The expected rate of responders in the standard rTMS arm was 35%. We hypothesized that neuro-navigation-guided rTMS may increase this proportion up to 70% based on the large effect size observed in the princeps study [19]. Therefore, 51 evaluable patients per arm were necessary to guarantee a 95% power and a 0.05 Type-I error (two-sided). Considering that 15% of patients may be lost to follow-up, the total number of subjects needed was then of 120 (60 per group).

Randomization and mechanism used to implement the random allocation sequence

For allocation of the participants, a computer-generated list of random numbers was used. Randomization sequence was created using SAS statistical software and was stratified by center with a 1:1 ratio.

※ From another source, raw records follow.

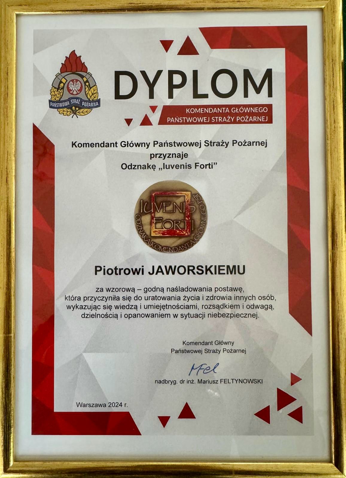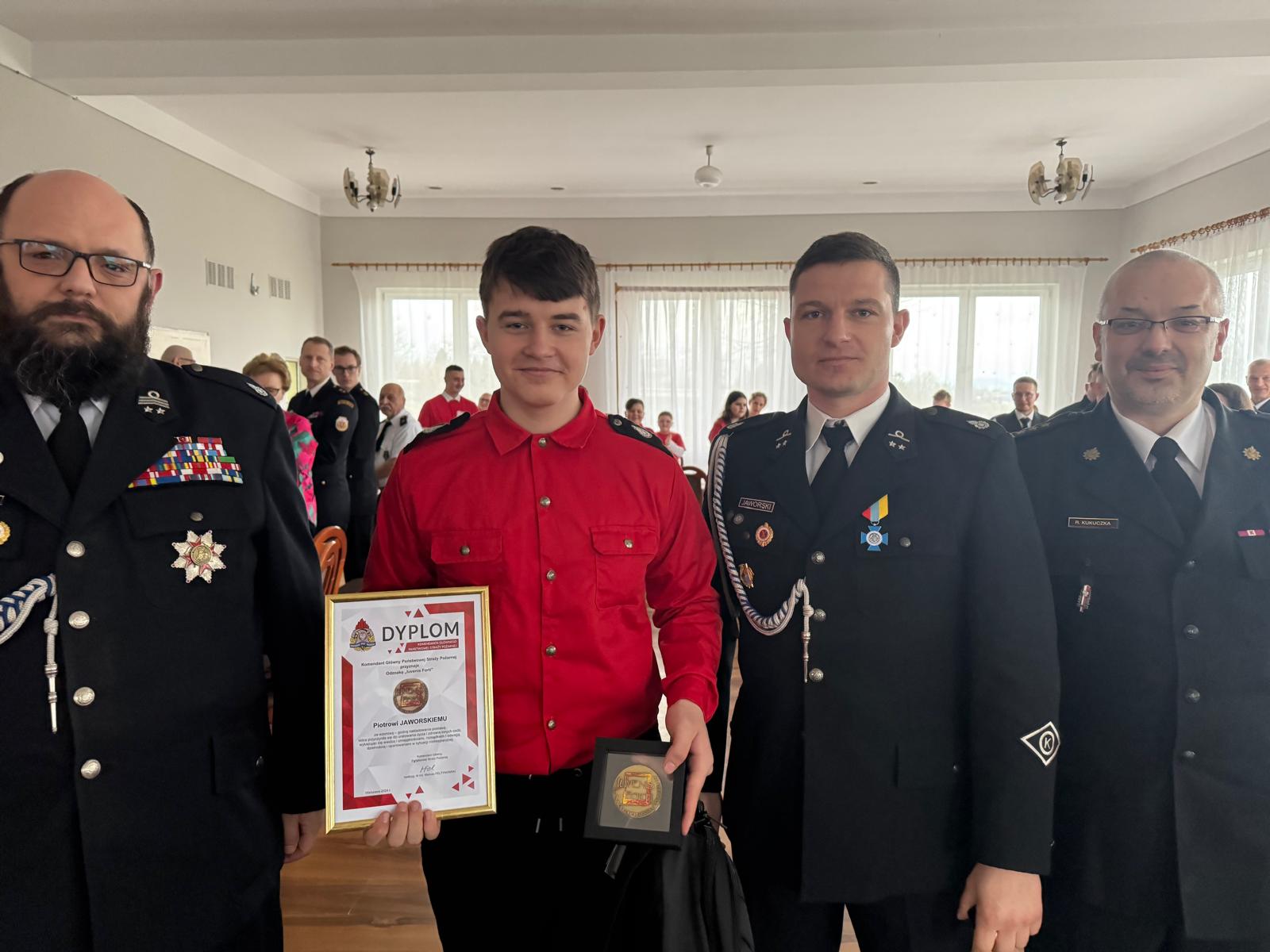 Komendant Główny PSP ustanowił odznakę „Iuvenis Forti” jako wyraz uznania dla dzieci i młodzieży do 18. roku życia, które swoją wzorową, godną naśladowania postawą przyczyniły się do uratowania życia i zdrowia innych osób. Odznaczenie to jest symbolem odwagi, rozsądku oraz umiejętności działania w sytuacjach kryzysowych. Wyróżnienie Piotra to dowód na to, że pomoc drugiemu człowiekowi jest dla niego najwyższą wartością.
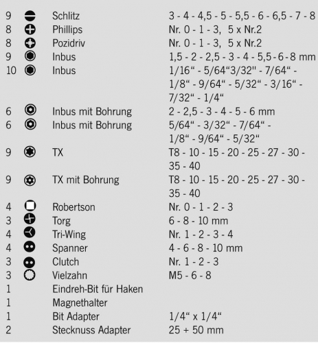• 9 Inbus-Bits 1,5 - 2 - 2,5 - 3 - 4 - 5,5 - 6 - 8 mm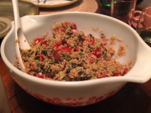 写真はキヌア、ヒエやアワのような穀物。野菜を加えて本当においしいです。その他数々のプロ級の料理を振る舞っていただきました。社長、天才!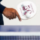 Elegant feminine 50 and fabulous birthday party personalised ping pong paddle with watercolor red burgundy and light dusty blue peony roses bouquets and a modern trendy typography script.

The allocation sequence was concealed from the investigator in charge of including and evaluating patients: information on treatment arm was electronically available only for the investigator in charge of the rTMS sessions, on a dedicated e-CRF page that the investigator in charge of evaluation could not access. This information was available only after the enrolled participants completed all baseline assessments and it was time to allocate the intervention.

Blinding

Only investigators in charge of the rTMS sessions were aware of the allocated arm. Care providers, medical staff and outcome assessors were kept blinded to the allocation. When analyzing the data, statisticians were not blinded. Patients were also kept blind to the allocation. All patients wore a head cap with a mark representing the target identified using standard method. In the standard “arm” the coil was placed on this point, and the neuro-navigator screen showed the position of the coil on the patient’s brain and no target was shown on the neuro-navigator screen. In the “neuro-navigation” arm, the target on the cap was disregarded and the coil placed on the target indicated by the neuro-navigator screen.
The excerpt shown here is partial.